As an amateur pianist, I've noticed that I can pick up on the difference between someone who has taught themselves piano, and someone who has had a high-quality piano instructor.
It's hard to detail the differences exactly, but I would describe the people who have been instructor-taught as having:
- Greater consistency: repeated playing of a musical piece sounds very similar each time
- Less jitter: suppose you're playing the same note or chord repeatedly. The variance of the time between sequential notes is much lower, even if each note is on average played at the correct moment
- High-quality, "non-exactness": This is most prominent in the world-class concert pianists. It's basically where their own interpretation of the music, while not matching the precise tempo or dynamics of the score, still sounds really beautiful. For instance, take Rachmaninov's Prelude in C Sharp Minor. There's a certain split-second pause that most concert pianists take in the part where it transitions from slow to fast. This is absent in almost all amateur recordings. My own attempts to fake this attribute sound artificial and contrived.
Note that I did not describe a difference in difficulty of the musical pieces. For instance, a self-taught person may be able to play Liszt's Transcendental Études very well and without mistakes, but it just doesn't have the same "character" that it does from someone who has taken lessons. You'll quite often find on Youtube for instance people who have taught themselves very difficult pieces and spent many hours practicing, but it still doesn't sound the same (as good) as a professional playing a technically simpler piece.

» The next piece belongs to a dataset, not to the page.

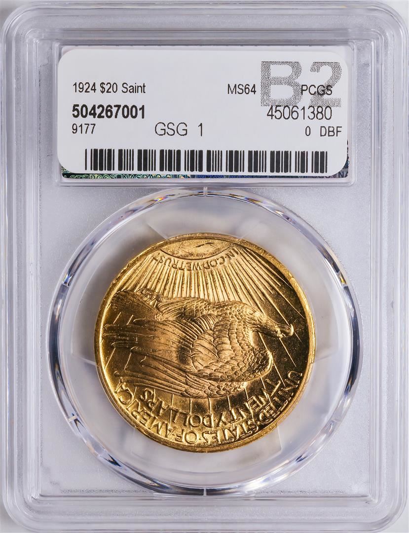 One 1924 $20 St. Gaudens Double Eagle Gold Coin PCGS MS64.
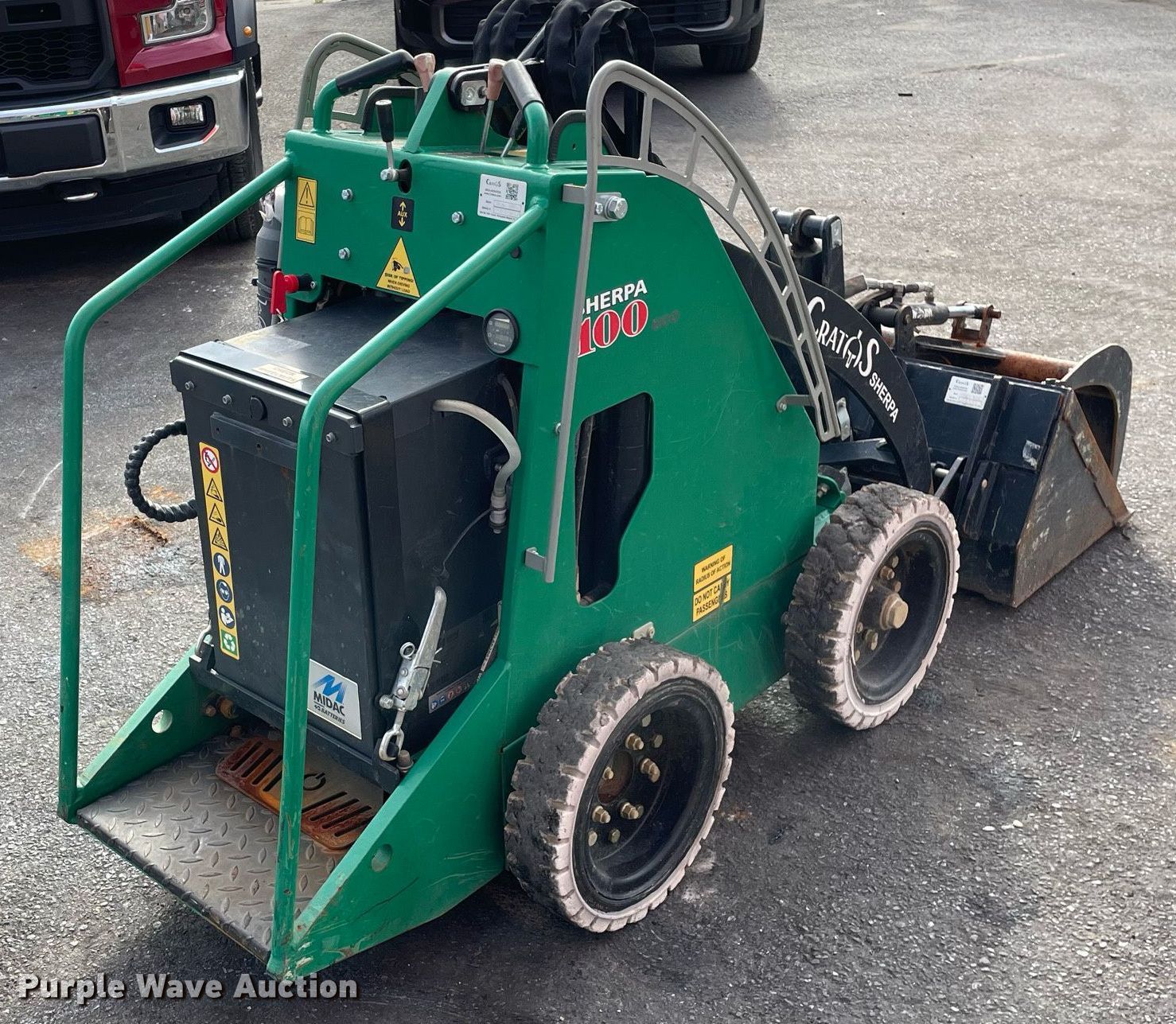 Purple Wave is selling a used Compact Utility Loader in New York. This item is a 2021 Cratos Sherpa 100Eco compact utility loader with the following: Hours: 187 on meter, Serial: E1HA210162, Unit #: 210162

Clearly, I'm generalizing here. But I've spent many hours in the music rooms at my local university, and I have noticed a very definitive trend regarding the differences between music students and people who go to the practice rooms for fun, even if the ones who are playing for fun practice many more hours.

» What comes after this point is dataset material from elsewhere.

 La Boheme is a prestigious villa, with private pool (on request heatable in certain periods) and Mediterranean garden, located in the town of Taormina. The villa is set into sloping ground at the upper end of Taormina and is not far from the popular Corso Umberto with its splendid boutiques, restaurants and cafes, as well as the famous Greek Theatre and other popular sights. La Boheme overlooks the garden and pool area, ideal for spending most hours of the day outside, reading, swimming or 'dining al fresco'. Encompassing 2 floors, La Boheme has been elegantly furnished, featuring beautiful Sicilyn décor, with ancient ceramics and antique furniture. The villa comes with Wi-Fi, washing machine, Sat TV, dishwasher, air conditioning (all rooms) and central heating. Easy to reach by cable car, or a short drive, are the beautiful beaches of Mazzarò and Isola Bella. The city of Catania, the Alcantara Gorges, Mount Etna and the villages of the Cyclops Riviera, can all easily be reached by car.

I ask this question as someone who is myself self-taught, and I want to figure out the way to make my playing have more of the above three characteristics. I practice for many hours each day, and while technically I guess my music sounds decent to non-pianists, I find my own recordings very unsatisfying and I don't enjoy listening to them, especially compared to someone who has been taught piano. Ideally, I would sign up for lessons with a good instructor, but I don't have the money for that right now (grad student), so I'm doing the next best thing, which is asking for advice on here.
More specifically, I'm asking what I need to do while practicing to sound less amateur. Should I practice scales? I've never done that before. What is the optimal ratio of play time vs. rest time while practicing? How many hours should be practiced a day, and how should I split up the hours? (Most of my practicing is currently done in 6-7 hour non-stop blocks). Should I repeat the whole piece each time I practice, or focus on 5-10 second subsections? What about hand position and fingering technique; I know absolutely nothing about this and just wing it.
These are a lot of questions, so even a good online reference or a book would be helpful to me.